The Killer Bees faced The New Powers of Pain (Warlord and some other guy) for the new tag team titles in what ring announcer Steve Rossi called, “a battle royal”.
It turned out that that other guy in the New Powers of Pain was actually two other guys. They still lost.
It was then time for the lumberjack match (or as Steve Rossi called it, “a battle royal”)…
…featuring Cactus Jack and Fiji’s Jimmy Snuka, who entered the ring to the theme from Hawaii Five-O.
And what an entrance it was! Jimmy climbed the steps before staring blankly at the camera for seven full seconds, as if he just now realized this clown show was actually being filmed. This was as guilty as Superfly had ever looked, and think of the ground that covered.
The match started out just as Mick Foley had always imagined his dream match against the Superfly would – with the announcers making John Bobbitt jokes about Foley’s severed ear.
The two hardly did much of anything before Snuka took this unexpected bump to the outside. Snuka and Cactus brawled right into the audience…
…although, with the arena attendance at less than 4% of capacity, it’s really hard to tell which side of the guard rail is which. Was it any surprise that the match ended in a countout? I mean, besides the fact that this was a lumberjack match?
Always the considerate brawlers, Cactus and Snuka continued to fight beyond the floor seats so as not to get in the fans’ way.
With the show being as embarrassing as it had been so far, it would really take some devian intervention to salvage it.
Fortunately, Herb Abrams pulled out all the stops in the main event. Sid Vicious got a new, unnecessary nickname…
…and Dr. Death got a shiny new belt. The announcers played up all of Williams’ defenses of the UWF World Heavyweight Title around the world, as if the title hadn’t just been made up that night and handed to him before the match.

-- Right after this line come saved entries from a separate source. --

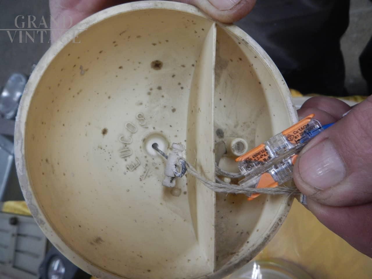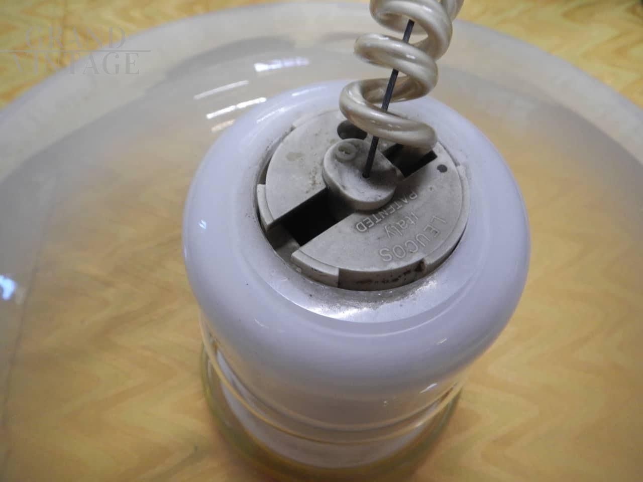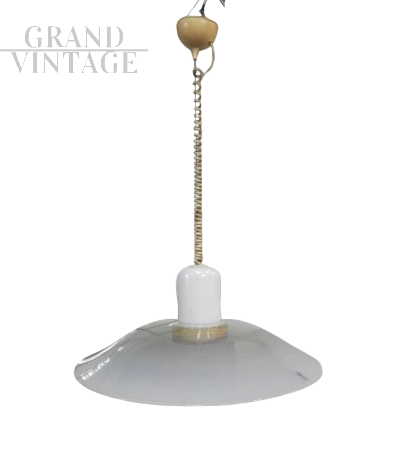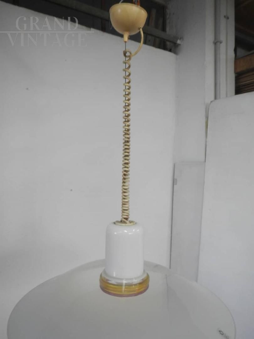 Lampadario design Leucos in vetro di Murano bianco e colorato giallo e rosso, con impianto originale, funzionante e in ottime condizioni.
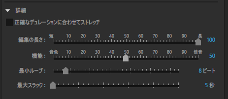 - リミックスグループの「ターゲットデュレーション」でデュレーションを調整します。
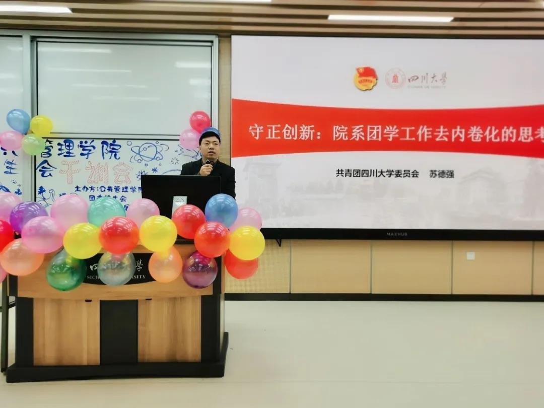 首先,苏德强老师以“守正创新:院系团学工作去内卷化的思考”为题为大家带来指导。苏老师指出了院系团学工作中存在的值得注意的倾向、阐释了“内卷”的概念与特点、点明了院系团学工作内卷化的典型特征,让全体参会人员对院系学生工作去内卷化有了更深的认识。苏老师在对澳门太阳成集团团学工作给予充分肯定的同时,激励全体成员在今后的学生工作中能更好的引领服务、锻炼自我,发扬学院特色,将学院团学工作推向更高的台阶。
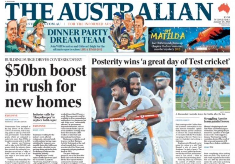 ‘द ऑस्ट्रेलियन’ ने लिखा, ‘टीम इंडिया के जादुई तूफान ने गाबा के किले को ढहा दिया। स्टार खिलाड़ियों के बिना, संघर्ष करती और चोटिल टीम ने फुल स्ट्रेंथ ऑस्ट्रेलियन को शिकस्त दी। दरअसल, इससे पहले गाबा के मैदान पर ऑस्ट्रेलियाई टीम नवंबर 1988 में हारी थी। तब वेस्टइंडीज ने नौ विकेट से शिकस्त दी थी।’
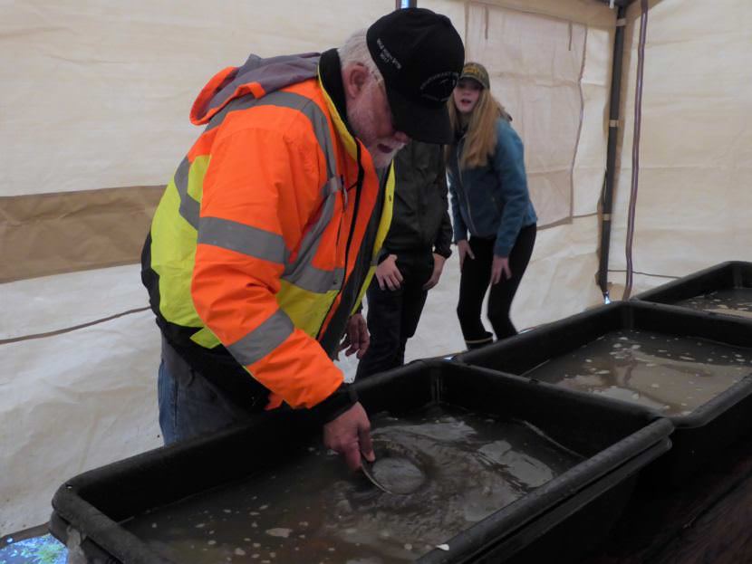 Across the way, Jerry Harmon is inside of a tent planting tiny pieces of gold in three plastic containers full of murky water. He is staging a hands-on gold panning exhibit for a herd of little kids waiting outside.
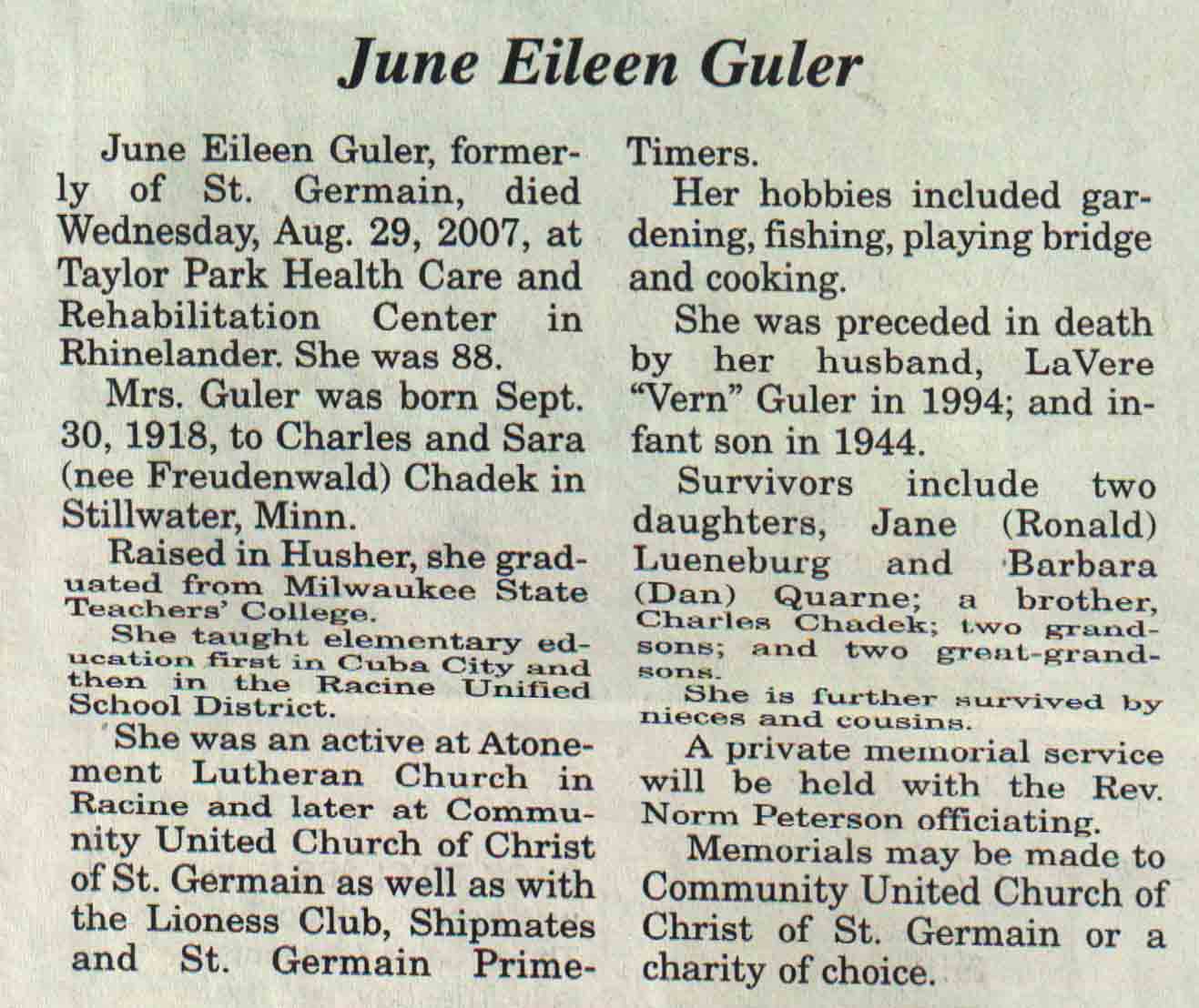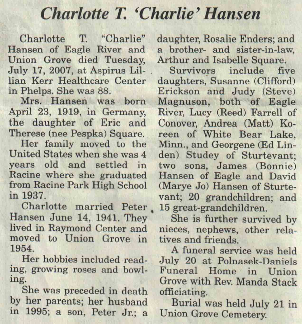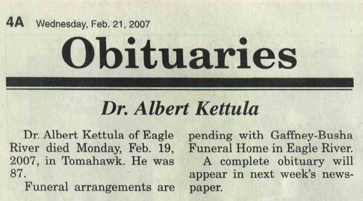 County, WI, Newspaper Obituaries
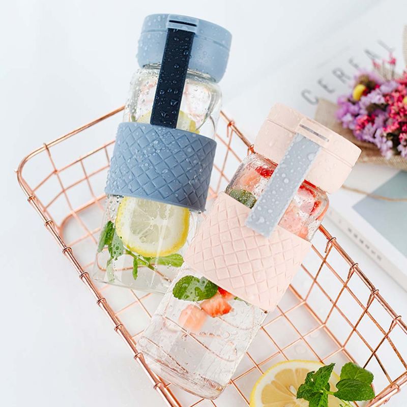 Kreativní Průhledný Skleněný Hrnek Svěží A Krásný Přenosný Pro Studenty Silikonový Kelímek Z Kůže Zrnitého Skla
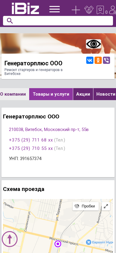 | AI-анализ | The website is a business directory listing for "Генераторплюс ООО," a company located in Vitsebsk, Belarus, offering services for the repair of starters and generators. The title of the page includes the name and location of the company, as well as its business focus. The description provides additional contact information, including two phone numbers and an address. The top words associated with the website suggest that it is primarily focused on services, repairs, and sales in the auto industry, as well as the location in Vitsebsk. The unified state register number is also included. |
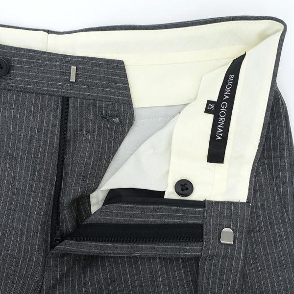 ・メーカー :BUONA GIORNATA / ボナジョルナータ・製品型番 :02-02ST51・サイズ :【上】:-,表記サイズ:XS,肩幅 (約cm):40,身幅 (約cm):42.5,着丈 (約cm):68,袖丈 (約cm):62,【下】:-,表記サイズ:XS,ウエスト (約cm):72,太腿幅 (約cm):26.5,股上 (約cm):23,股下 (約cm):88,裾幅 (約cm):17,・色(柄)の系統:グレー・デザイン :(メンズ)スーツ・素材 :毛50% ポリエステル50%

One thing the UWF didn’t do was pull the canvas tight enough so that it didn’t get pockets of air and start bunching up in the middle of the match.

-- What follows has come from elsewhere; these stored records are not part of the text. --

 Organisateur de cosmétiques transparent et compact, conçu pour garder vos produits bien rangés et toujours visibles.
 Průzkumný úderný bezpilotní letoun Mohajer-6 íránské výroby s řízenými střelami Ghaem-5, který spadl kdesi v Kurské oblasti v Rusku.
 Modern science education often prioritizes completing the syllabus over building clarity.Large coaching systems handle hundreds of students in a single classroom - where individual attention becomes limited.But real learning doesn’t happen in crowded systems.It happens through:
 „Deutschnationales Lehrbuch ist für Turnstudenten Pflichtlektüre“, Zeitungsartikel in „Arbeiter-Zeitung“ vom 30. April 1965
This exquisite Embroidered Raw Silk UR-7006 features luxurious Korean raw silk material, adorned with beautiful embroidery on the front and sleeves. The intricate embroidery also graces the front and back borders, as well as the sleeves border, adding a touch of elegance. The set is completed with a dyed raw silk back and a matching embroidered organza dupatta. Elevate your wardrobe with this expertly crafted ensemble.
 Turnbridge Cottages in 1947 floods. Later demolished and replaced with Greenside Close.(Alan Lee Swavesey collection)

Dr. Death was about to defeat Sid with the Dr. Bomb before Danny Spivey broke up the pinfall.
It couldn’t be a coincidence that Herb Abrams simply handed titles ahead of time to the two wrestlers (Williams, Orton) whose championship matches ended in DQ or countout. If the champ was going to retain the title through a BS finish, he had got to at least have a title to begin with.
Irate at the shenanigans from the former Skyscrapers, promoter Herb Abrams promised Williams a rematch in a steel cage, which obviously never materialized.
Given the attendance, it should be no surprise that this event was UWF’s last, which means that there were a whole lot of wrestlers who got free championship belts to keep on top of their paydays.
And who can say they own their own championship belt?